Joel 2 Footnotes

PLUS

2:1 Pronouncements about the day of the Lord often speak of its imminence—it will come soon, it is impending. Three times Joel declared that the day of the Lord was “near” (v. 1; 1:15; 3:14), and most of the other prophets who referred to the day of the Lord also spoke of it as “near” (Is 13:6; Ezk 30:3; Ob 15; Zph 1:7,14). Zephaniah added that the day was “rapidly approaching” (Zph 1:14). Since well more than two millennia have passed since these prophets wrote, it may seem strange that they used such an expression for an event that is yet to occur.

Christian interpreters who have pondered this biblical phenomenon have arrived at different explanations for it. One consideration is that, because the prophets who spoke of the imminence of the day were themselves widely separated in time (spanning a period of 350 years or more), they did not mean that it would have to arrive within a few years.

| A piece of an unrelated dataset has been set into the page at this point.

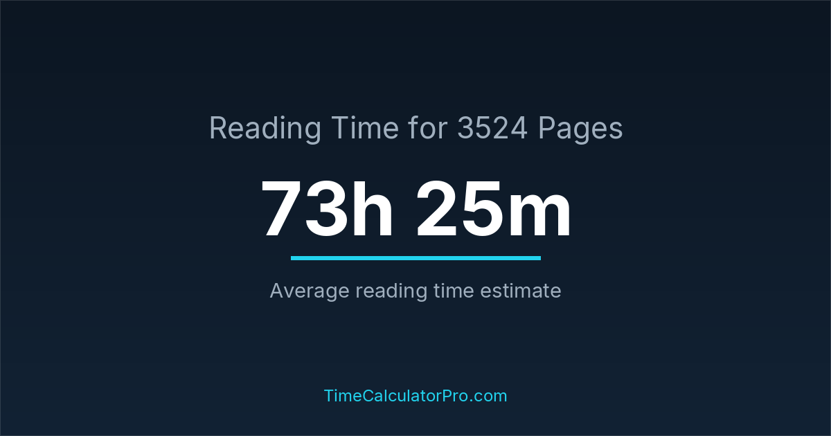 If you read at an average speed of 200 words per minute, reading 3524 pages will take approximately 73 hours and 25 minutes. This estimate assumes around 250 words per page, which is typical for most books.

Their unified witness to the coming of the day speaks not of its timing but of its certainty and of the foreboding associated with it. The devastating judgment could come at any time; this urgency was what they sought to convey.

The tension between the imminence and delay of the day of the Lord is a question taken up in the NT. Peter pointed out that God’s timing may differ from human expectations and that a delay in his timetable for judgment is due to his grace. He wants to afford every possible opportunity for people to repent before bringing the judgment (2Pt 3:8-10).

2:18-27 The Lord responded to the people’s repentance, spared the land, and promised a new era of prosperity. After speaking of the “great army” of destruction that the Lord had sent against Judah (v. 25), Joel turned to his promise of restoration (see 3:1). Many of the Minor Prophets stress that the Lord personally brings disaster for the purpose of punishment or judgment (2:25; Hs 5:14; Am 1:4; Mic 1:12; Nah 1:2; Zph 1:17; Hg 2:17; Zch 8:10). In the prophetic worldview, God is ultimately behind everything that takes place, orchestrating the course of history even when injustice is seemingly allowed to prevail.

As objectionable as such a view of history may appear to people with a modern Western worldview, the Bible clearly presents it. But lest that understanding of history be thought to attribute injustice to God, the Bible also recognizes more immediate causes for things that happen. Such immediate causes could be the natural operating conditions of global life (severe weather, earth tremors, the cycles of living creatures such as locusts) with which God would not interfere without disrupting the stability of his creation. Or they might be the cultural effects of human disregard of God’s directives for conduct and worship (e.g., social disintegration and inequality, violence, crime, international conflict). For Joel, both of these immediate causes combined to present a foretaste of divine judgment, which only God’s gracious purpose in the ultimate establishment of his kingdom can override.